Wales announces fall in breast cancer deaths

In collaboration with the Press Association

The number of deaths from breast cancer in Wales has fallen from 39 per cent of breast cancer patients in 1993 to 27 per cent in 2007.

The figures were released by the Welsh Cancer Intelligence and Surveillance Unit (WCISU) to coincide with the 20th anniversary of the launch of Breast Test Wales, the country's breast screening service.

They also reveal that the number of deaths from breast cancer fell by nearly two per cent in 2007 alone.

Dr Hilary Fielder, director of screening services in Wales, said that he was "delighted" by the drop in deaths from the disease.

"Since we started providing breast screening services 20 years ago, we have worked hard to ensure that more cases of breast cancer are diagnosed and treated earlier - and we are delighted to see that the data shows this."

Breast Test Wales has conducted 1,388,684 screening tests since it was launched.

Around 150,000 women are screened every year and around one third of the 2,500 women who are diagnosed with breast cancer in Wales each year are picked up by the screening process.

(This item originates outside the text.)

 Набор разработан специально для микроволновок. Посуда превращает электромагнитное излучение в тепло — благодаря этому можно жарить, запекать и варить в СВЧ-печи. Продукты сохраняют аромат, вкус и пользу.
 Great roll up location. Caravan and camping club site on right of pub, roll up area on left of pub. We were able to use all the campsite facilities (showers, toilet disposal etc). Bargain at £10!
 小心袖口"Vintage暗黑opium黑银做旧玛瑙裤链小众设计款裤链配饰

Nancy Nicholas is just one of the many women whose lives may have been saved by the screening service in Wales.

She revealed: "I went to my routine scan with Breast Test Wales and it was found that I had breast cancer. Because it was detected early I was treated quickly and I am now in recovery.

"I am very grateful that the scan detected my cancer and would urge others to utilise the excellent screening services. The screening took no time at all and has saved my life."

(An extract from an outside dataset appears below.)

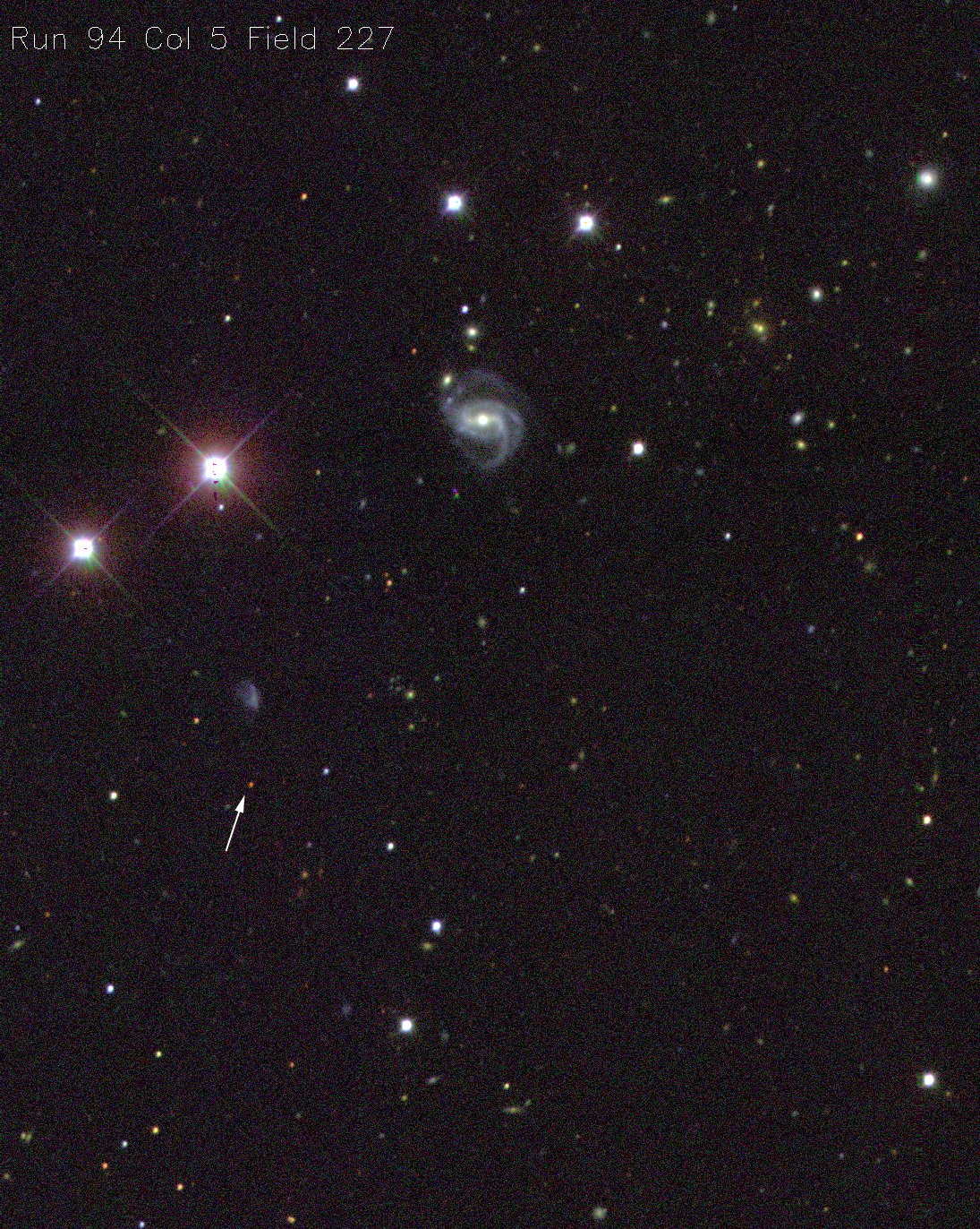 Explanation: Each red speck indicated above is a powerful quasar estimated to be over 100 times brighter than a galaxy. Yet in these Sloan Digital Sky Survey discovery images the quasars appear faint because they are extremely distant. Their distances have been indirectly gauged by noting how much the light they emit has been stretched to longer wavelengths by the expansion of the Universe. Because red light has the longest wavelengths in the visible spectrum, this stretch has come to be called "redshift" - the greater the distance, the greater the redshift. Astronomers use a number known as "Z" to quantify this cosmological redshift and the quasar at the left, with a Z of 5, was just proclaimed the new quasar redshift champion (from left to right the measured Zs are 5.00, 4.90, 4.75). What's the actual distance to quasars with Zs of 5 or so? ... about 15 billion light-years, give or take a few billion light-years depending on your favourite cosmology!
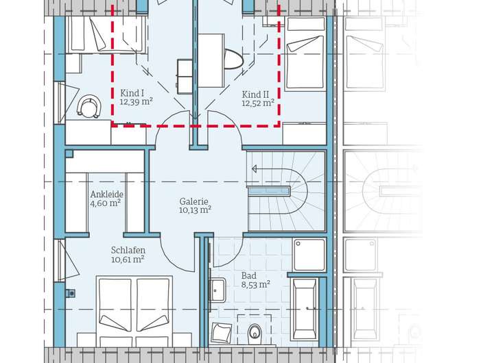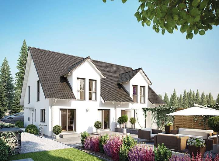 Durch den im Preis inbegriffenen Zwerchgiebel finden allein im Dachgeschoss zwei große Kinderzimmer viel Platz für die Kleinen.

Catherine Thomson, head of statistical information at Cancer Research UK, said that the figures were "extremely welcome news".

"Thanks to improvements in early diagnosis, the success of the screening programme and better

treatments, death rates from breast cancer have fallen by almost 17 per cent across the UK in the last ten years," Ms Thomson revealed.

"But it's vital that we're not complacent. Monitoring and improving the screening programme needs to continue to ensure it meets the needs of the UK population - particularly as more women are living longer and the older a woman is the greater her risk of breast cancer."

Women in Wales will soon benefit from an even more modern screening service thanks to a £15 million investment from the Welsh Assembly Government.

The money is being used to modernise equipment so that Breast Test Wales can use the latest digital screening, imaging and storage technology, enabling faster and better processing and analysis of images.